The cost of implementing such a trust through Coverdale is a one time fee of $500, plus $85 courier fee to courier the new share certificates to you.
Spending $500 now can save $10,000 later.
Owning Shares as a Joint Tenant
Another option would be for the shareholder to register the shares in his name as joint tenant with right of survivorship with the person that he wishes to receive the shares after his death. Upon death, the deceased shareholder’s interest in the shares expires and the surviving joint tenant becomes the sole owner of the shares.
There are a number of disadvantages to this option. First the joint shareholder would be entitled to participate in voting the shares, to receive dividends and to participate in the benefits of other shareholder rights. Second the joint shareholder could unilaterally end the arrangement and cause the joint shareholder’s portion of shares to be held by the joint shareholder outright. Lastly, the joint shareholder’s interest in the shares would be subject to the claims of his or her creditors.

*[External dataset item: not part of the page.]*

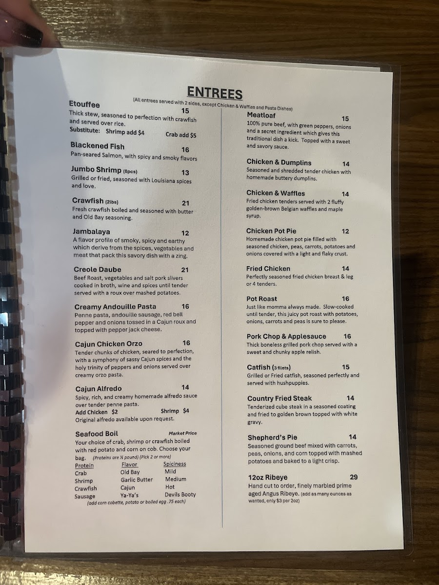 Ya-Ya's Sea And Soul Food offers a diverse and vibrant menu that caters to a wide range of tastes and preferences. From comforting appetizers like Deep Fried Deviled Eggs (8) and Crab Dip to unique desserts such as Cheesecake and Salted Caramel Bacon Waffle, the restaurant promises something for everyone. If you're craving something more substantial, their Entrees section stands out with flavorful dishes like Shepherd’s Pie, Etouffee, and the hearty Pot Roast.

For example, Mr. John Chu is the sole shareholder of a BVI Business Company. He wishes his BVI Business Company to pass to his daughter Vivian upon his death. If he registers his shares as being owned by “John Chu and Vivian Chu as joint tenants with right of survivorship” his interest in shares will expire upon his death. After Mr. Chu dies, Vivian would be entitled to have the shares registered in her sole name without having to probate her father’s Will in the BVI. However, prior to her father’s death Vivian would be entitled to receive half of any dividends paid by the company and to participate in all shareholder votes. Also, if she becomes bankrupt or sued (for example by a spouse under divorce proceedings) her interest in the shares could be seized by her creditors, even while her father is still living. Vivian could also unilaterally sever her joint interest and become the holder of half the shares outright.
Making a BVI Will
A BVI Will that deals only with BVI situated assets such as BVI Business Company shares is sometimes used as a planning tool where privacy is the main concern. After the shareholder’s death, the application for probate would only disclose the terms of the BVI Will and the identity of the heirs to the BVI property rather than the terms of the deceased’s general Will and identity of the heirs to the entire estate. The BVI Will can only be effective in the BVI if it is also valid under the law of the deceased’s domicile. If it is not valid under that law then it will not be valid in the BVI. However, the cost and delays involved remain the same as when shares pass under a general Will.